I don't necessarily need to be 100% stock (assuming I can't go back to 886 from 893), but should I have any issues if I use RSD lite FXZ back to stock? As long as I'm back to the stock rom I should be good.

I've had enough of the data drop issues I have had with this thing since day one. Been rocking it for almost 3 months now, time for costco to honor their exchange policy.

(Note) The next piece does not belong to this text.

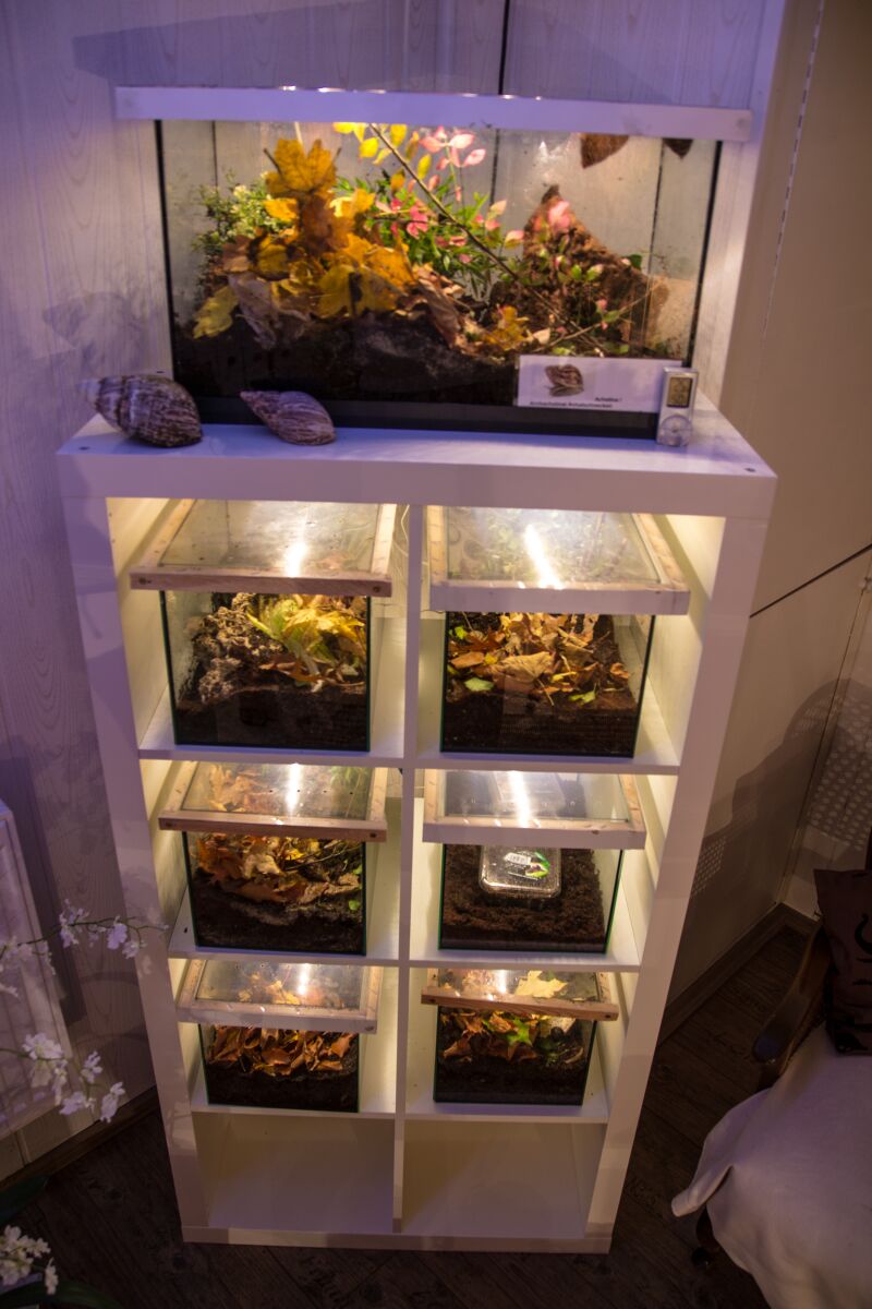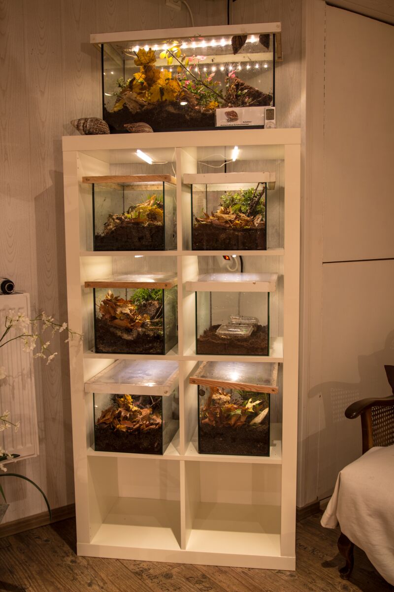 Sandy hat geschrieben:Aber musst Du die Becken da nicht jedes Mal zur Fütterung/Säuberung aus dem Regal holen?
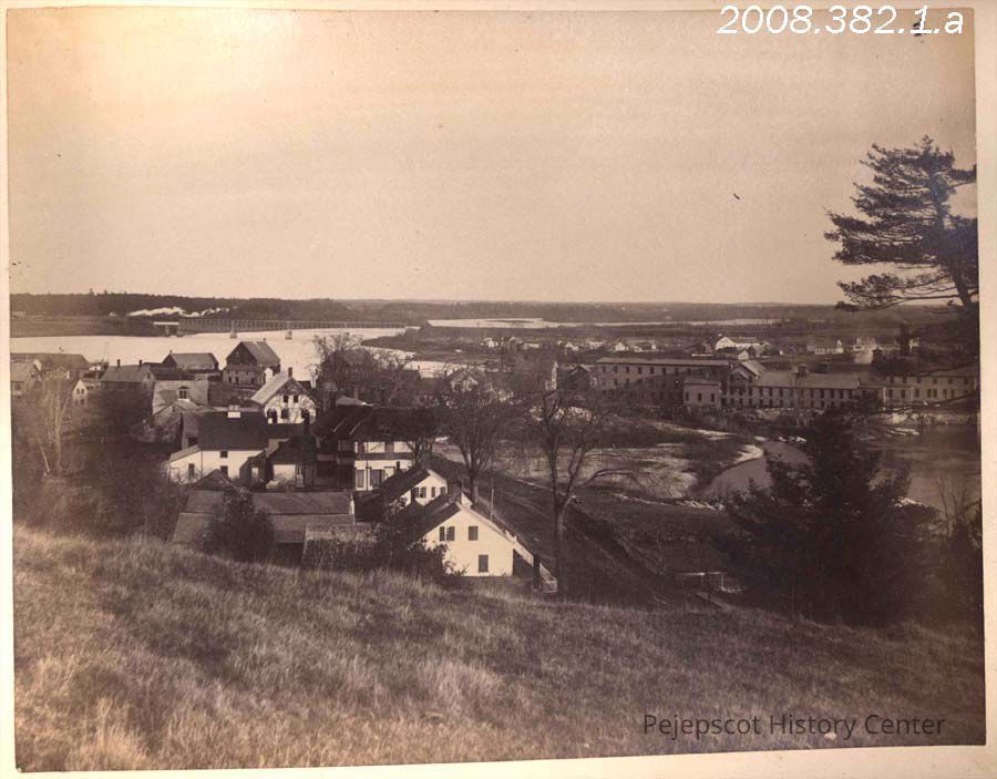 A B/W photograph titled, "View down the river from Topsham." The view is from a hill upriver of Topsham looking down the Androscoggin River. Pejepscot Paper Co. can be seen on the left side of the picture and the Brunswick Topsham railroad bridge can be seen in the distance. Undated

Now the question is rezound or RAZR, I don't see me being able to get a GNex before my 90 days are up.


----------



## Geezer Squid (Oct 11, 2011)

KTamez said:


> I don't necessarily need to be 100% stock (assuming I can't go back to 886 from 893), but should I have any issues if I use RSD lite FXZ back to stock? As long as I'm back to the stock rom I should be good.
> 
> I've had enough of the data drop issues I have had with this thing since day one. Been rocking it for almost 3 months now, time for costco to honor their exchange policy.
> 
> Now the question is rezound or RAZR, I don't see me being able to get a GNex before my 90 days are up.

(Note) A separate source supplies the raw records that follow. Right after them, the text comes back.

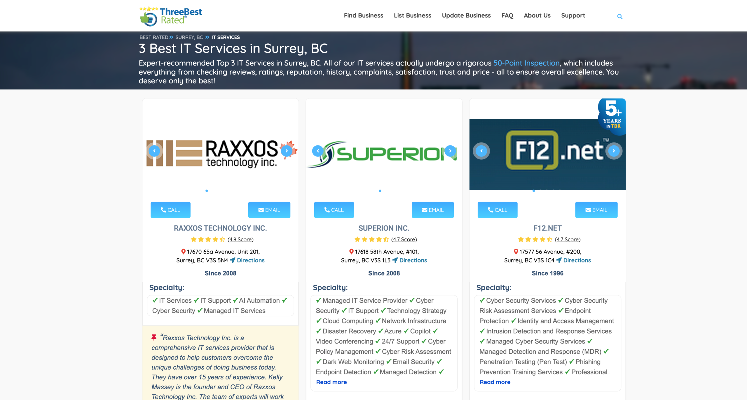 Raxxos Technology Inc. has been ranked the #1 IT Services provider in Surrey, BC by ThreeBestRated.ca, a trusted independent review platform that evaluates local businesses across Canada.
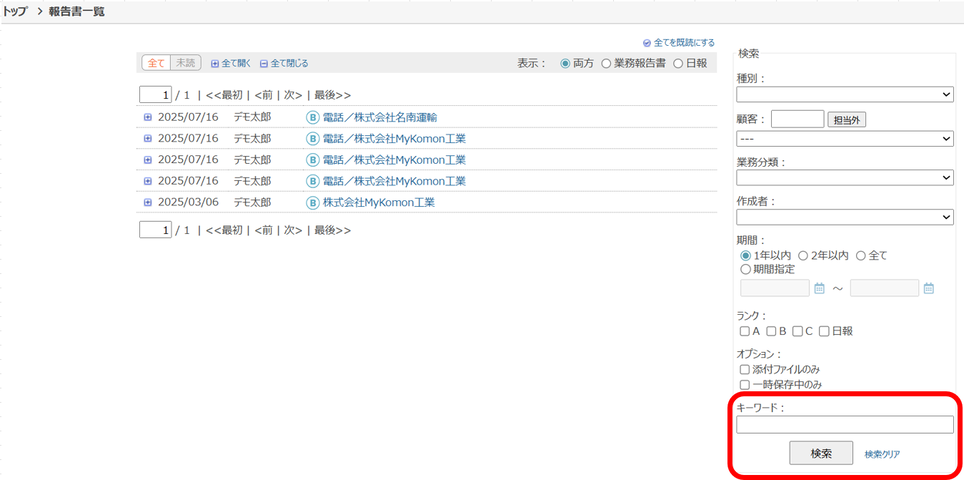 日報または業務報告書の提出の有無によって、検索の方法が異なります。
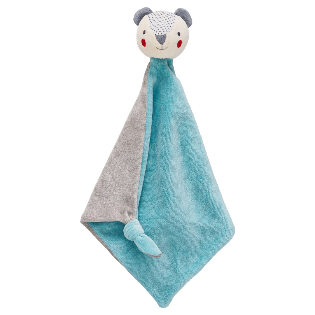 Extra měkká, plyšová dečka s hlavou usměvavého medvídka. Perfektní na poobědový odpočinek. Kontrastní vzory a barvy medvídka podněcují u dětí rozvoj senzoriky, uzlíček na rohu dečky zase mohou držet nebo kousat.
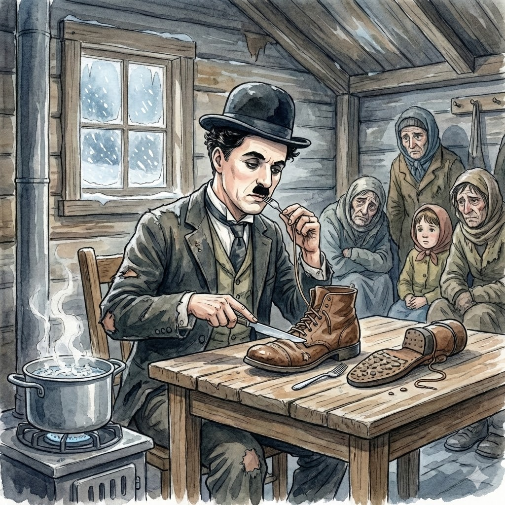 そこでチャップリンは、自分の履いている革靴を茹でて、ナイフとフォークで上品に食べ始めるのです。靴紐をパスタのように巻き取り、靴底をステーキのように切り分け、釘を小骨のようにしゃぶる。
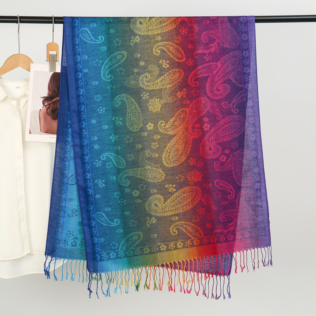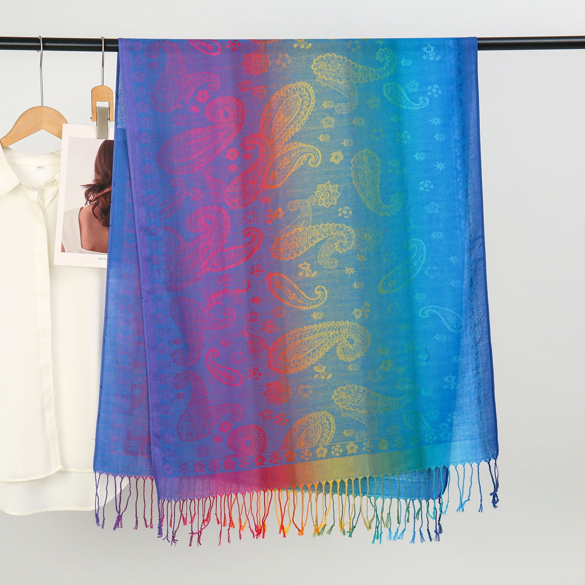 크로스보더 자카드 컬러풀 캐슈넛 패턴 롱 스카프 여행용 사진촬영 숄 겸용 여성용 에스닉 스타일 자외선 차단 믹스앤매치 스카프스토어 가기
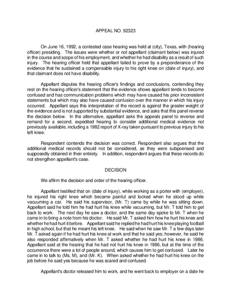 Get the free APPEAL NO. 92332 A contested case hearing was held at ...

If you really just like one of the other phones then it's a good move to switch. However, search the forums and you'll find these data issues with all 4G phones right now. The majority of people never see a problem, but for some it's a major issue. It doesn't seem to be locale specific or phone specific. It reminds me of when the original Droid was first rooted and overclock kernels were released. Some folks could not overclock above 800mhz and others, luckily me, could overclock to 1.25ghz. It appeared to be a function of who got lucky in the chip lottery. I think something similar is going on with phones and this issue. It's like some have gotten lucky with some piece of hardware or the way the radio or kernel is working. I did not have a serious problem with data loss on my Droid Bionic, but when installed the leaked OTA updates I've had virtually no problems for the last two/three weeks. I did experience some issues during the first week after implementing the leaked OTA's. But now it's really good. So it seems to be fixable.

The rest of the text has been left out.